Certo, la maggior parte delle acque reflue provenienti dai centri abitati viene depurata all'interno di appositi impianti e reimmessa nei corsi fluviali. Eppure le acque, anche se depurate, contengono ancora traccia di inquinanti, come ad esempio metalli pesanti e alcuni principi attivi dei farmaci.
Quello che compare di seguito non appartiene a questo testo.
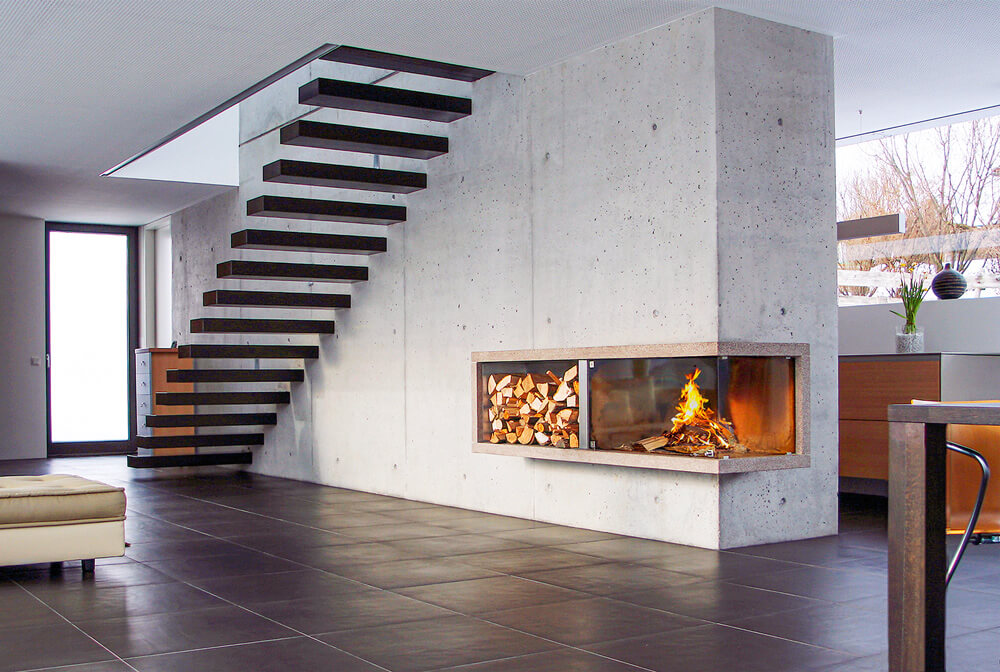 В этом интерьере Mandl& Bauer® угловой камин согревает открытое пространство первого этажа

Si tratta di concentrazioni molto piccole, dell'ordine di grandezza delle parti per miliardo, che tuttavia percorrono i corsi d'acqua e possono essere intercettate dai sistemi di irrigazione delle colture.
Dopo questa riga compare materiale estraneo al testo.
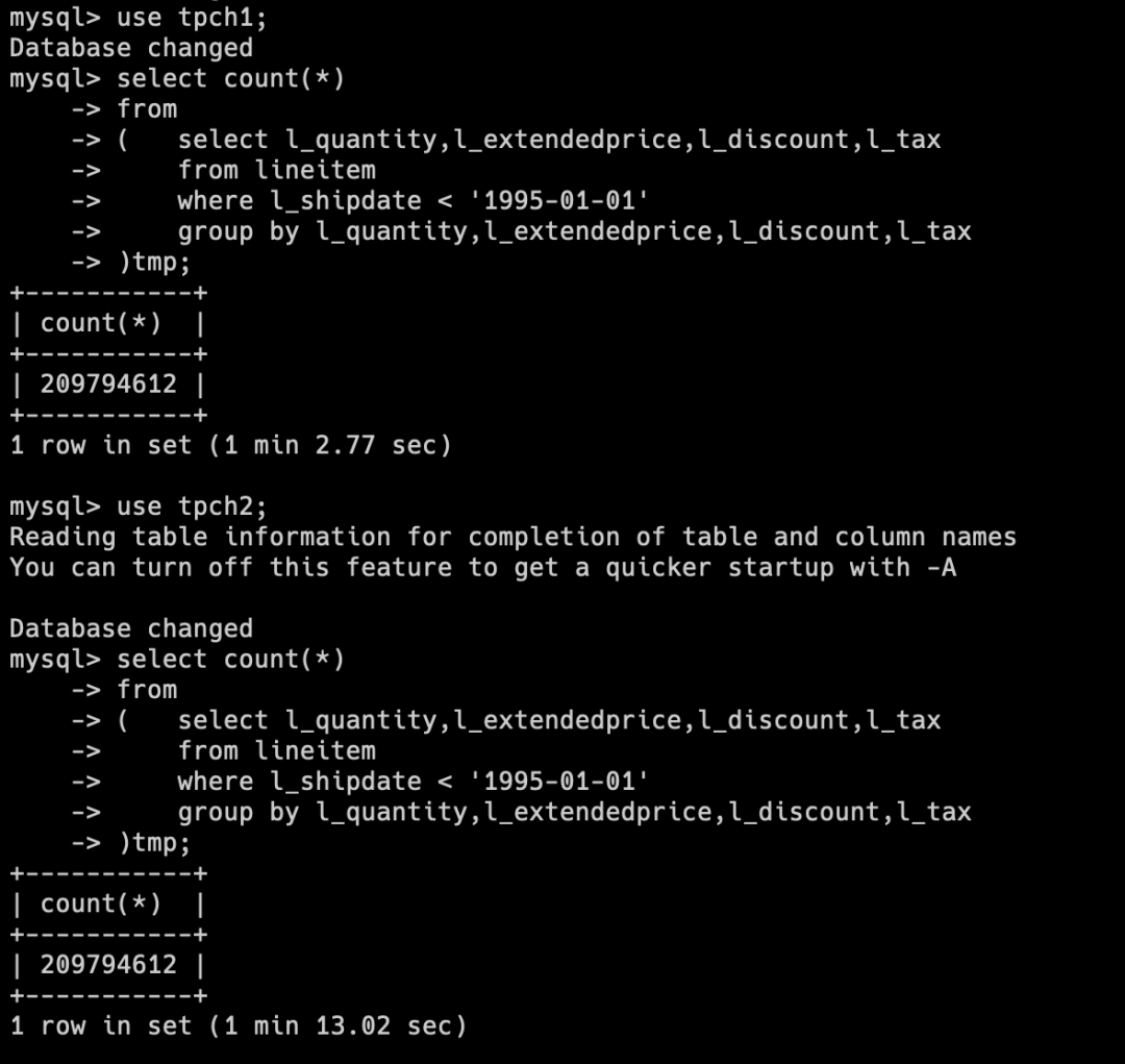 tpch2 库(老版本 Decimal)的 SQL 执行结果为 8.13s

Uno studio condotto dall'Istituto di Scienze della vita della Scuola superiore Sant'Anna di Pisa e pubblicato su Science of the Total Environment ha dimostrato come i pioppi bianchi (Populus alba clone Villafranca), siano in grado di intercettare metalli pesanti e altre molecole, come quelle farmacologiche, e di sequestrarli all'interno delle radici.
"Le radici dei pioppi che abbiamo testato in laboratorio sono in grado di accumulare nelle radici metalli pesanti e composti xenobiotici, quindi estranei all'organismo, e in parte di biodegradarli", spiega ad AgroNotizie Luca Sebastiani, direttore dell'Istituto di Scienze della vita, che ha condotto la ricerca con Erika Carla Pierattini e Alessandra Francini, della stessa scuola, e Christian Huber e Peter Schröder, del Centro Helmoltz. "Servono ora nuovi studi per capire esattamente come ogni inquinante si comporta una volta assorbito dalla pianta, se viene ad esempio biodegrdato o se trasloca in altre parti del vegetale".
Lo studio si è concentrato su alcune molecole, come il diclofenac, un composto farmaceutico ampiamente presente nei farmaci antinfiammatori non steroidei, che poi si ritrova con frequenza nelle acque nere dei centri abitati, anche dopo il processo di depurazione. Il pioppo assorbe nei tessuti questa molecola e la immobilizza.
"Oggi i sistemi di depurazione riescono ad intercettare gran parte degli inquinanti, ma tuttavia alcune molecole sfuggono. Come ad esempio alcuni antibiotici che passano il sistema di depurazione e finiscono nei corsi d'acqua", spiega Sebastiani. "Anche se a concentrazioni basse potrebbero avere effetti negativi sull'ambiente, con il rischio di induzione di resistenze nei batteri".
Ulteriori studi sono necessari, ma l'obiettivo è quello di affiancare agli impianti di depurazione delle zone coltivate a pioppo che intercettino queste molecole inquinanti. Il passo successivo sarà abbinare al ruolo delle piante quello di microrganismi che aiutino la degradazione delle molecole.
"Il punto di domanda importante su cui stiamo lavorando è capire se le colture irrigate con queste acque assorbano o meno i composti di origine farmaceutica che hanno superato gli impianti di depurazione", spiega Sebastiani. "E soprattutto se queste molecole vengono accumulate nelle parti destinate poi ad uso umano. Nel pioppo il diclofenac si ferma alla radice. Ma ad esempio l'eritromicina, che è un antibiotico, raggiunge le foglie. La domanda è se in altre specie si può arrivare al frutto".
Si tratta, è bene ripeterlo, di concentrazioni infinitesimali che non rappresentano un rischio sanitario per le persone. Tuttavia è bene sapere dove queste sostanze finiscono e se si accumulano nelle piante. Ad esempio alcuni studi hanno rilevato che nel caso del mais gli antibiotici non arrivano alla granella, mentre nel caso della patata se ne trovano tracce.